Nos EUA, o S&P 500 e o Dow Jones recuavam cerca de 2 por cento perto do final da sessão.

"O mercado está se dando a conta de que a economia norte-americana tende a reduzir o ritmo de crescimento nos próximos anos e os dados do mercado de trabalho de novembro reforçaram esse cenário", disse o gestor Henrique Bredda, da Alaska Asset Management, que tem sob gestão cerca de 7,5 bilhões de reais.

Ele acrescentou, contudo, que tal cenário pode endossar uma migração de recursos de ativos de mercados desenvolvidos para mercados emergentes e que a bolsa brasileira pode ter um desempenho melhor do que as norte-americanas.

"Podemos até andar na mesma direção, mas a tendência é se distanciar aos poucos - enquanto o S&P 500 cai 2 por cento, o Ibovespa recua 1 por cento; e quando o S&P 500 subir 1 por cento, o Ibovespa tende a avançar 2 por cento", disse Bredda.

Declarações de membros do Federal Reserve reforçaram a cautela, entre eles as de Lael Brainard, que apoiou aumentos de juros "no curto prazo", mas disse que alguns impulsos econômicos estavam diminuindo e que os riscos estavam crescendo, inclusive no exterior, e nos mercados de dívida corporativa.

O presidente do Fed de St.
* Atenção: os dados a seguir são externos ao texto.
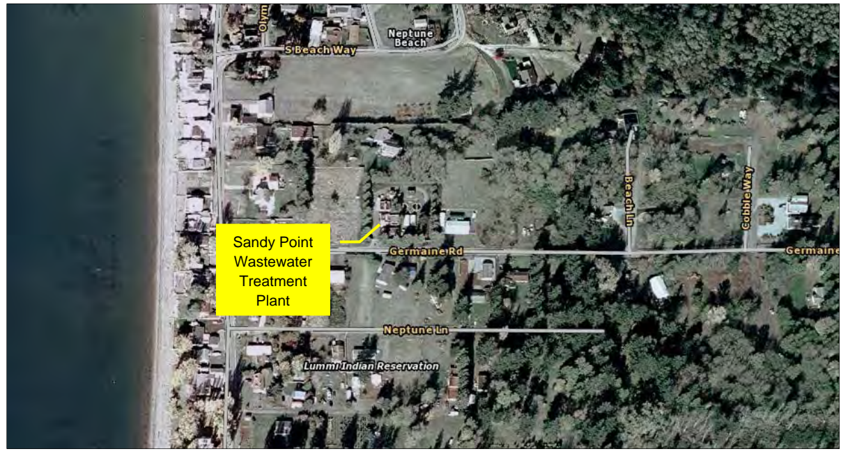
Figure A-2: Sandy Point WWTP Aerial Photograph (4369 Germaine Rd, Ferndale, WA).

Louis, James Bullard, por sua vez, disse que há um "risco real" de a curva de rendimentos dos Treasuries se inverter neste mês e defendeu uma pausa nas altas de juros, em parte para evitar essa inversão. Ele será membro votante nas decisões de juros dos EUA em 2019.

"Para os mercados emergentes (Brasil incluído), política monetária menos restritiva é uma força construtiva, mas desaceleração de crescimento atrapalha. Qual dessas variáveis vai dominar é uma questão em aberto", citou a equipe da Verde Asset Management, liderada Luiz Stuhlberger, em nota a clientes.

DESTAQUES

- VALE caiu 1,93 por cento, contaminada por preocupações com o cenário frágil da trégua comercial entre EUA e China, além do risco de desaquecimento norte-americano, com efeitos em outras economias. Papéis de siderúrgicas acompanharam a queda, com CSN caindo 3,34 por cento.

- ITAÚ UNIBANCO PN recuou 0,81 por cento, em meio a deterioração generalizada na bolsa, com o rival BRADESCO PN cedendo 0,47 por cento. BANCO DO BRASIL perdeu 0,77 por cento, mas SANTANDER BRASIL UNIT fechou com variação positiva de 0,07 por cento.

- PETROBRAS PN avançou 0,73 por cento e PETROBRAS ON subiu 1,64 por cento, embaladas pela alta do petróleo, com o barril de Brent subindo mais 5 por cento no melhor momento, em meio a acordo entre os maiores produtores do Oriente Médio na Organização dos Países Exportadores de Petróleo (Opep) e a Rússia para reduzir a produção.

- ELETROBRAS ON e ELETROBRAS PNB avançaram 2,26 e 1,18 por cento, respectivamente, tendo após reportagens sobre interesse pelo leilão da distribuidora da companhia no Amazonas, previsto para a próxima segunda-feira, bem como uma eventual privatização da elétrica de controle estatal.